Bacteria are single-celled organisms which are visible to the eye only under a microscope (Figure 1), hence are known as microbial creatures. Lacking specialized internal structures and (obvious) social interactions, we consider them to be dwellers of a simple and boring life as compared to multi-cellular forms of life. Bacteria consume nutrients to grow, essentially “cut themselves in the middle” at a certain size to divide, and thus reproduce. It looks as if the greatest feat a single bacterium can achieve is to become two, and we tend to think that they primarily live as individuals who are seemingly devoid of any social traits or any kind of sophisticated behavior whatsoever.

Figure 1: Bacteria under an electron microscope. Scale bar (red) is one micron, which is one thousandth of a millimeter. Orange arrow shows a bacterium that is about to divide (figure modified from Wikipedia).

We know that bacteria can make us unwell at times (causing diseases such as cholera, tuberculosis, pneumonia, leprosy, diphtheria, tetanus, ulcers, etc.), but they usually are considered rather exotic living entities either living in the sewer or somewhere in the thermal vents of the ocean – hence being envisioned as distant organisms. To most, they are the simplest life forms which are merely trying to make ends meet, struggling to survive and having little, if any, effect on the rest of life on earth.

All these are blatant misconceptions. Globally, 30% of the yearly oxygen on earth is produced by a certain “breed” of bacteria (footnote 1a). There are 1,000 different species of bacteria in and on a single human body, resulting in 10 times more bacterial cells than human cells (footnote 2). Correspondingly, there are a total of 1,000 times more bacterial genes in our body (footnote 3). Nevertheless, these bodily bacteria are not necessarily parasites, but are mostly beneficial. Primarily, they inhabit our digestive track and help us digest food that would otherwise go non-utilized, or produce various vitamins that we are unable to make ourselves (reference 1). The type and relative abundance of such intestinal bacteria is known to be linked to obesity (Figure 2). Last but not least, bacteria help our immune system to mature, thus helping us in being protected against their harmful kin (reference 4). Bacteria are not always random drifters: some can swim towards a food source (footnote 1b), while others (footnote 1c) can navigate their way towards the bottom of the ocean by sensing earth’s magnetic field (reference 5), where they can live better for they do not survive in atmospheric oxygen levels.

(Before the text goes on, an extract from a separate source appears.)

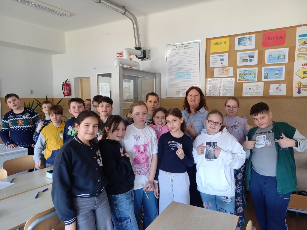 Aby wyłonić zwycięską klasę SZKOLNEGO DNIA MATEMATYKI były zsumowane procenty uzyskane za 6 konkurencji z pierwszej lekcji, matematyczne stacje zadaniowe, procenty uzyskane za wiosenny plakat oraz za LOGO Szkolnego Dnia Matematyki.
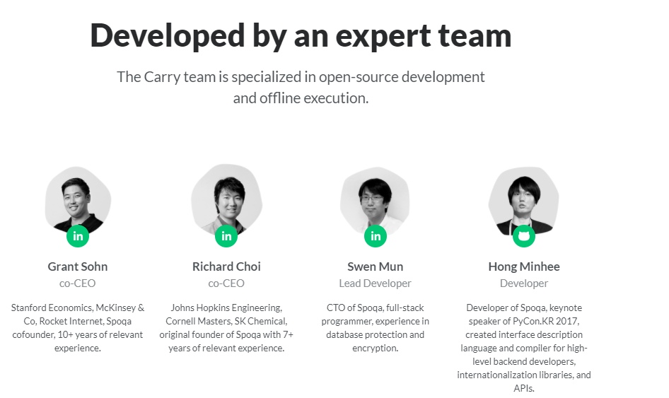 Проектом Carry Protocol занимается очень сильная корейская команда, которая ранее успешно основала Spoqa. Всего над разработкой системы работают 13 специалистов и 6 советников. Каждый из них обладает огромным опытом либо в сфере оффлайн-торговли, либо в криптовалютной и blockchain индустриях.

Figure 2: Mammalian intestine bacteria come primarily in two groups: Type B (footnote 1d) and Type F (footnote 1e). Recent studies (reference 2) indicate that the obese mouse (left), compared to its normal cousin (right), which has been fed an identical diet, has fewer Type B and more Type F bacteria. Similar patterns can be observed in humans: Type B bacteria increase (while Type F decrease) in obese individuals as they lose weight. The bacterial species that inhabit our body at birth may have significant consequences on our metabolism later in life, and can be the culprit, at least partially, behind various disorders, ranging from overeating to diabetes (figure adapted from reference 3).

In this article, I will try to further convince you that bacteria are more than “bags of enzymes” by elaborating on a mechanism that enables bacteria to carry out a “population census.” As we will see, this simplest social interaction helps an oceanic squid camouflage itself to hide from predators, as well as enabling pathogenic bacteria to evade the immune system before getting numerous enough to wage an effective war against the host.

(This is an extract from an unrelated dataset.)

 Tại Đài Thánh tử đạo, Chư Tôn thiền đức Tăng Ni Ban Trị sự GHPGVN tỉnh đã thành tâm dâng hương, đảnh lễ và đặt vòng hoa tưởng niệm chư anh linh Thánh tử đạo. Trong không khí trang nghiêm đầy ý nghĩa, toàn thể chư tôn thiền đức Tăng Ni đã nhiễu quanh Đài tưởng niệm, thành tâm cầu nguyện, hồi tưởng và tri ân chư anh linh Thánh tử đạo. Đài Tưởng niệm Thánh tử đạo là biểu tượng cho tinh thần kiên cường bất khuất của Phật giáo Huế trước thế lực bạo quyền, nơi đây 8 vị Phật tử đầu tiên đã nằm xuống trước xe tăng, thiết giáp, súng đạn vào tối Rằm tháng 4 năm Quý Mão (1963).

A day in the life of an oceanic squid

The bobtail squid, which lives in the shallow coastal waters of the Pacific Ocean, is a nocturnal animal. That is, it buries itself under the sand in the daylight to sleep (Figure 3), and comes out at night to hunt and eat. In this habitat, a threat to life comes perhaps from a most unexpected source: The moonlight can penetrate the shallow waters, casting the squid’s shadow on the ocean floor to alert predators swimming above. Similarly, a predator swimming beneath can easily recognize the squid’s dark silhouette above the moonlit background.

Figure 3: Using its tentacles, the bobtail squid buries itself in the sand (A-D) during the daytime to sleep (figure modified from reference 6).

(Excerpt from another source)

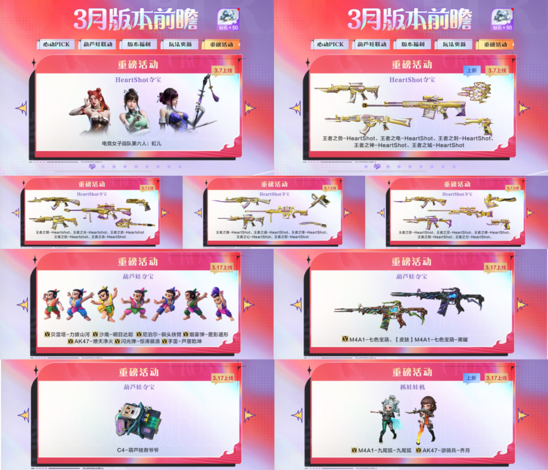 3月7日也就是版本更新当日,HeartShot夺宝第4期如约而至,首发各位CFer的新老婆——虹儿,以及势、城、神、电、刺的女团皮肤。除此以外,还会返场前三期所有的女团皮肤!3月17日将会上线葫芦娃夺宝,返场M4A1七色宝葫和它的黑曜皮肤以及葫芦娃系列的金V武器,还有终极品质的C4-葫芦娃救爷爷。同时,抓娃娃机活动也会在当天上线,新增M4A1-九尾狐-九尾狐,AK47-游骑兵-乔月,这也太可爱了吧,掌中宝武器喜+2!并且还会返场M4A1-游骑兵-香香!

But fear not, because the squid is safe and sound thanks to an organ it harbors. Essentially, this organ produces light to counter-illuminate the shade on the seafloor (and similarly, when viewed from below, to match the amount of light coming from above) to make it invisible, like the stealth aircraft which can fly undetected amongst the radars. Furthermore, using a curtain-like structure that covers this light-producing organ, it can modulate the level of light it produces according to the intensity of the ambient moonlight which is detected by the receptors on the squid’s back.

This is undoubtedly one of the most amazing camouflage patterns, but how on earth does this little creature access light in the middle of nowhere to unfurl this “invisibility cloak”?

This is where bacteria come into play.

Bacteria’s way of conducting population census: Quorum sensing

A particular kind of bacteria (footnote 1f) inhabits the squid’s light organ. This is a much better place to live, as nutrients are more abundant compared to the otherwise planktonic life of the ocean. Within the body of the squid, the bacteria reach densities they can never be achieved in open waters.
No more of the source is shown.